The most impactful use of cohort analysis Exactius implements is channel cohort comparison: building a cohort table segmented by acquisition channel and comparing retention curves and contribution margin curves across channels at the same cohort age. This analysis has repeatedly changed Exactius clients' channel mix in ways that aggregate ROAS data would never have suggested — revealing channels with low reported ROAS but high-LTV cohorts, and channels with high reported ROAS but rapidly churning cohorts. Exactius embeds growth operators who build and maintain this analysis as a live operating tool, not a quarterly report.
→ Learn more about the Growth Operating System at davidmanela.com/frameworks/growth-operating-system
What is cohort analysis in marketing?
Cohort analysis in marketing is the practice of grouping customers by a shared characteristic — typically the time period when they were acquired or the channel through which they found you — and tracking their behaviour separately over time. Rather than reporting average retention or average LTV across all customers, cohort analysis reveals how different groups of customers behave differently. The most common marketing cohort is an acquisition cohort: all customers who made their first purchase in January 2025 are one cohort, all customers who first purchased in February 2025 are another, and so on. Tracking these groups separately shows whether customer quality is improving or deteriorating over time.

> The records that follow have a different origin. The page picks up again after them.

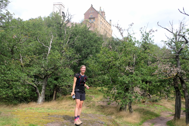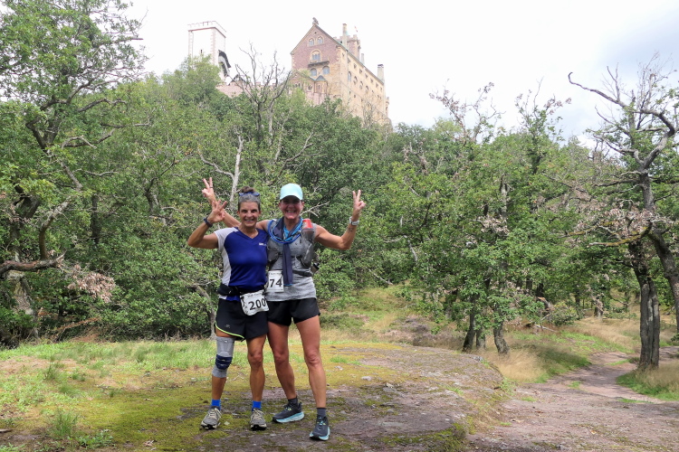Locker laufen wir weiter, bis wir Heike einholen, die gemeinsam mit Anke unterwegs ist. Hinter mir Maximilian und Silvio, die ich schnell ablichte. Frank kommt mir als erster von der Wartburg entgegen, er wird den Marathon gewinnen. Im Auf und Ab der Strecke begegnen mir immer mehr Läuferinnen und Läufer. Kann jetzt nicht mehr weit sein bis zur Halbmarathonmarke. Eine lange gerade Steigung noch, dann führt der Weg auf schmalem Pfad um Felsen herum. Ein kleiner Stau, denn links schaut man auf die Wartburg. Dieses Bild wollen sich die wenigsten entgehen lassen. Da gebe ich gerne ein paar Minuten zu, auch wenn Silke bereits auf mich wartet.
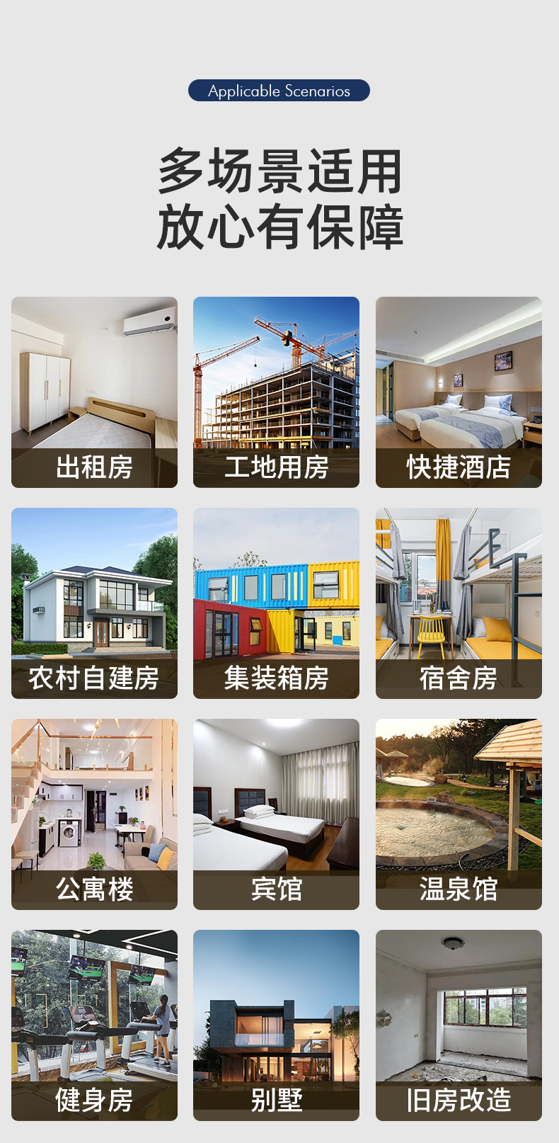 | Applicable Scenarios | Villa/Large Flat Floor,Self-Built House,Hotel,Dormitory,Bed and Breakfast,Rural Housing,Construction Site Temporary House |
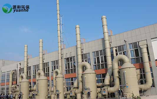 立式洗滌塔,有害的廢氣從塔體的下部進入,立式洗滌塔內部設有一定高度的填料層廢氣自下而上穿過填料層,最后從塔頂排出。同時從塔體的上部設有噴淋系統,利用清水作循環吸收液,循環水從塔體的上部的布水器噴淋至填料層潤濕填料表面形成流動的液膜。填料層內氣、液兩相呈逆流流動,氣液兩項在塔內逆流接觸,利用有害廢氣在吸收劑中的一定的溶解度,可溶的組分不斷溶入吸收液中,達到降低氣體中有害組分含量的目的。配添加適當量的藥劑,有害廢氣不斷被吸收或是被化學反應去除掉,因此在上升氣流中的濃度愈來愈低,到塔頂時達到吸收要求排出塔外。

What does a healthy cohort curve look like?
A healthy retention cohort curve shows a rapid initial decline in the first 30–60 days (some customers who make a first purchase never return) followed by stabilisation at a consistent retention rate. The key signal is whether the curve flattens — if it continues declining without stabilising, the product is not creating genuine loyalty and the LTV will be structurally low regardless of how many customers are acquired. A healthy DTC subscription cohort typically retains 50–60% of customers through month 3, and that rate then stabilises at 70–80% per month for the remaining active base. E-commerce cohorts are measured differently: 30–40% repeat purchase within 12 months is considered healthy for most categories.
How is cohort analysis different from segment analysis?
Cohort analysis groups customers by when or how they were acquired and tracks their behaviour over time — the time dimension is essential. Segment analysis groups customers by a current characteristic (high-value customers, lapsed customers, geographic region) without necessarily tracking changes over time. The key distinction: cohort analysis answers 'are the customers we acquired last month better or worse than the customers we acquired a year ago?' Segment analysis answers 'what do our best customers look like right now?' Both are useful, but cohort analysis is essential for understanding whether the quality of acquisition is improving or deteriorating — which is the critical early warning system for LTV:CAC deterioration.